Im just after confirmation that all the above sounnds good.

All the information i have got is thanks to James c website http://www.theplantedtank.co.uk/

And Londondragons thread http://ukaps.org/forum/viewtopic.php?f=11&t=4596&start=0

Cheers Gordon.


----------



## ceg4048 (13 Apr 2009)

Hi,
   I have absolutely no idea what "probable" volume means. A 48" x 15" x 20" tank is exactly 62 US Gallons, which, for EI purposes is considered a 60G tank. This means that the dosage scheme is scaled X3 of the reference tank.

This means the KNO3 dosage is about 1/2 teaspoon 3X per week, the KH2PO4 dosage is 3/16 teaspoon 3X per week.

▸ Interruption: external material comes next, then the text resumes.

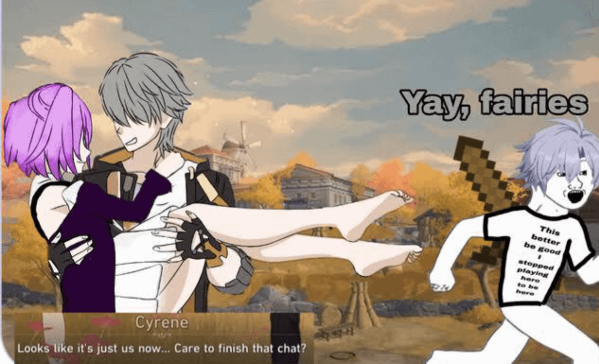 Кирена - настоящая сиса. Буквально старшая сестра, что учит молодое поколение ХСРщиц быть смелее, быть открытее в своем желании иметь отношения с несколькими парнями. Своим примером показывает, что никто не будет осуждать за такое, что это норма, это реальность современного общества. Не только нарисованные персонажи, но и игроки, что готовы оформить официальный брак несмотря на подобные игрища.

MgSO4 is 1.5 teaspoon 3X per week (or less) and the trace dosage is 3/16 teaspoon 2X per week. if we use the 6g/tsp rule of thumb that's roughly:

3g KNO3 3X
1g KH2PO4 3X
9g MgSO4 3X
1g traces 2X


KNO3 =>     3g X 12 = 36g to 200ml or 90g to 500ml
KH2PO4 =>  1g X 12 = 12g to 200ml or 30g to 500ml
MgSO4 =>    9g X 12 = 108g to 200ml or 270g to 500ml

Trace =>      1g X 8 = 8g to 200ml or 20g to 500ml

Your numbers seem close enough for the 200ml bottle but they need to be multiplied by 2.5 if using a bigger bottle.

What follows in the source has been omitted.